Radicado: 63-001-31-18-001-2018-00017-01-0209

Sala: Civil Familia Laboral

Ponente: Dr. César Augusto Guerrero Díaz

Fecha: 2018-06-12

Sujetos procesales: Doralis Narváez Guerrero Unidad para la Atención y Reparación Integral a las Víctimas.

REGISTRO UNICO DE VICTIMAS/Inscripción en el RUPD fue extemporánea por Fuerza Mayor/ Reglas para el registro. “La Corte Constitucional ha sostenido que dadas las especiales circunstancias en que se rinden las declaraciones de desplazamiento, se hace necesario que las normas regulatorias se interpreten en función con el bloque de constitucionalidad compuesto, entre otros, por los siguientes instrumentos y postulados: el artículo 17 del Protocolo Adicional de los Convenios de Ginebra de 1949 y b) los Principios Rectores de los Desplazamientos Internos, consagrados en el Informe del Representante Especial del Secretario General de Naciones Unidas para el Tema de los Desplazamientos Internos de Personas; ii) el principio de buena fe; iii) el principio de favorabilidad y confianza legítima y, iv) el principio de prevalencia del derecho sustancial propio del Estado Social de Derecho (sentencia T-496 de 29 de junio de 2007).

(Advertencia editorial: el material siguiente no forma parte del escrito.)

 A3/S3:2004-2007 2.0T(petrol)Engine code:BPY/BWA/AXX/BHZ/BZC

“Con apoyo en esas fuentes normativas, la Corte encontró que el proceso de registro de una persona en el RUPD debe estar guiado por las siguientes reglas específicas: (1) En primer lugar, los servidores públicos deben informar de manera pronta, completa y oportuna a quien pueda encontrarse en situación de desplazamiento forzado, sobre la totalidad de sus derechos y el trámite que deben surtir para exigirlos.

(2) En segundo término, los funcionarios que reciben la declaración y diligencian el registro solo pueden requerir al solicitante el cumplimiento de los trámites y requisitos expresamente previstos en la ley para tal fin. (3) En tercer lugar, en virtud del principio de buena fe, deben tenerse como ciertas, prima facie, las declaraciones y pruebas aportadas por el declarante.

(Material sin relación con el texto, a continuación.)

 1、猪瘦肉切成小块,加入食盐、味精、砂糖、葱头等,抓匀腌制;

En este sentido, si el funcionario considera que la declaración o la prueba falta a la verdad, debe demostrar que ello es así; los indicios deben tenerse como prueba válida; y las contradicciones de la declaración no son prueba suficiente de que el solicitante falte a la verdad. (4) La declaración sobre los hechos constitutivos de desplazamiento debe analizarse de tal forma que se tengan en cuenta las condiciones particulares de los desplazados así como el principio de favorabilidad.

(5) Finalmente, la Corte ha sostenido que en algunos eventos exigir que la declaración haya sido rendida dentro del término de un año definido en las normas vigentes puede resultar irrazonable o desproporcionado, en atención a las razones que condujeron a la tardanza y a la situación que dio lugar el desplazamiento y en la cual se encuentra la persona afectada” (ibidem).

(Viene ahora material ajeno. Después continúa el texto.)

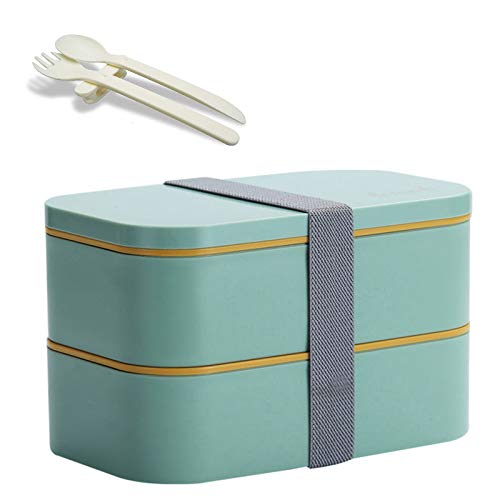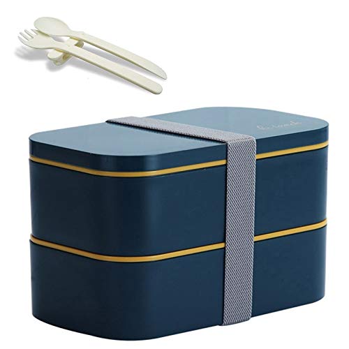 Bento Box Lunch Box con Set di posate riutilizzabili a 2 livelli per microonde isolato a prova di perdite, per lavastoviglie e congelatore, Bento Box Lunch Box per adulti Bentobox

“Esta última regla supone que la valoración de la oportunidad y las declaraciones de las víctimas deben apreciarse por la entidad administrativa con un criterio amplio que acoja las directrices constitucionales, pues en medio de todo se encuentra el reclamo de los derechos reconocidos legalmente, aunque frecuentemente desconocidos por sus titulares, sin que pueda oponerse a aquellos, una lectura indebidamente estricta de los parámetros doctrinarios, incluido el concepto de fuerza mayor, pues como ha explicado la Corte, “exigir que la declaración haya sido rendida dentro del término de dos años definido en las normas vigentes puede resultar irrazonable o desproporcionado, en atención a las razones que condujeron a la tardanza y a la situación que dio lugar el desplazamiento” (Sentencia T-076 de 14 de febrero de 2013).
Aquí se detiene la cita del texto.